Toronto man charged in alleged $2.5 million investment scam

Alleged multi-million fraud raised fresh questions on how investors were protected

Toronto man charged in alleged $2.5 million investment scam

Police in York Region charged a Toronto man in connection with what they alleged was a multi‑million‑dollar investment scam tied to his company, Equity Line Service Corporation, highlighting ongoing concerns about investor protection in the private capital and alternative‑lending space.

Investigators said the case began in March 2025 when a complainant came forward after investing funds through the suspect in February 2024 and being “promised a return on their investment.” Police alleged the money was not used as agreed.

According to York Regional Police, officers later identified five more complainants who also invested through the same individual.

“It is believed the suspect misappropriated the investment funds from the victims for personal gain,” the service said in a statement.

Police said more than $2.5 million was placed with the suspect, stressing that the allegations has not yet been tested in court.

After what officers described as a lengthy investigation, police charged 40‑year‑old Sergiy Shchavyelyev of Toronto in December 2025 with six counts of fraud over $5,000.
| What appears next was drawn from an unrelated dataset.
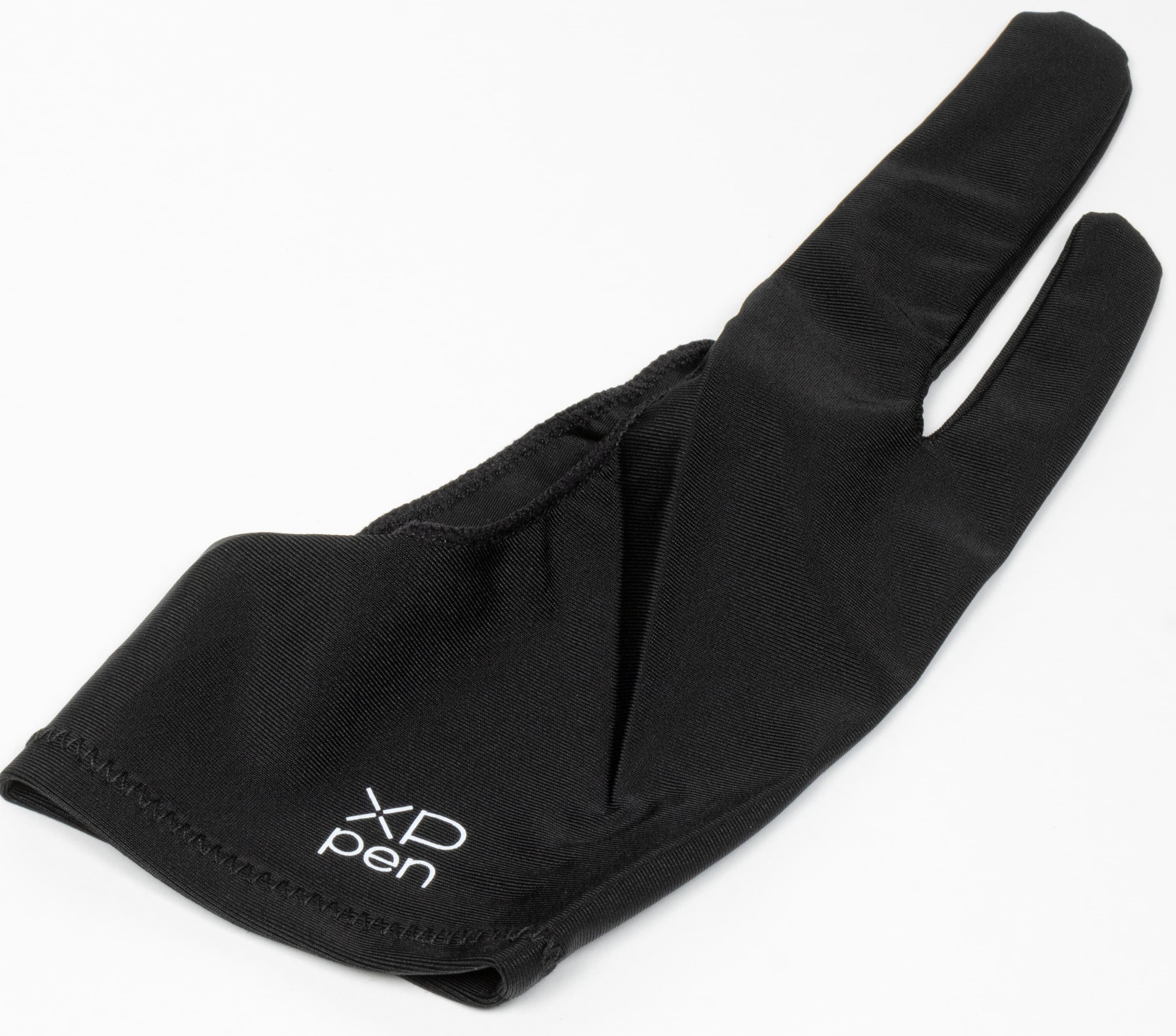 Для обеспечения максимального комфорта при работе производитель приложил к XPPen Artist Pro 19 еще и специальную перчатку из лайкры, которая при надевании покрывает мизинец и безымянный палец рабочей руки (что левой, что правой — все едино, но у левши логотип XPPen окажется не на тыльной, а на ладонной поверхности). Этот аксессуар был давным-давно позаимствован у игроков в бильярд. Можно много и долго спорить по поводу того, насколько перчатка нужна для работы с интерактивным монитором в наши дни, когда его поверхность не отзывается на прикосновение кожи. Но согласно опыту, удобнее работать именно в перчатке, поскольку это, как минимум, облегчает скольжение рабочей руки по плоскости экрана.

“The investigation is still ongoing and we are putting the male’s photo out because our investigators do believe there are additional victims and encourage them to come forward if they have any similar cases like this one,” Constable Kevin Nebrija told CP24.

Nebrija said officers were “still trying to track exactly where” investors’ money has gone, but believed the funds were diverted for the suspect’s “own financial gain.”

He added that the case served as a reminder that “if something feels too good to be true” investors should “trust your instinct.”

Growing fraud risks in alternative and mortgage markets

Fraud concerns have been mounting in adjacent corners of the mortgage market.

Ontario’s Financial Services Regulatory Authority warned that private lending remains “more susceptible to consumer and investor harm” in a higher‑rate environment, particularly where transparency around fees and suitability broke down.

Regulators in other provinces also flagged scams in which unlicensed middlemen and related firms allegedly used altered land‑title documents and misleading collateral claims to obtain funds from private lenders – often leaving those lenders exposed when the underlying property or security did not match what has been promised.

Mortgage‑related fraud, including application and title schemes, has been on the rise in recent years, with investigators warning that fraudsters often targeted properties with low or no existing mortgage balances.

Higher rates of application‑level fraud among certain borrower segments reinforcie calls for stronger broker due diligence and income verification.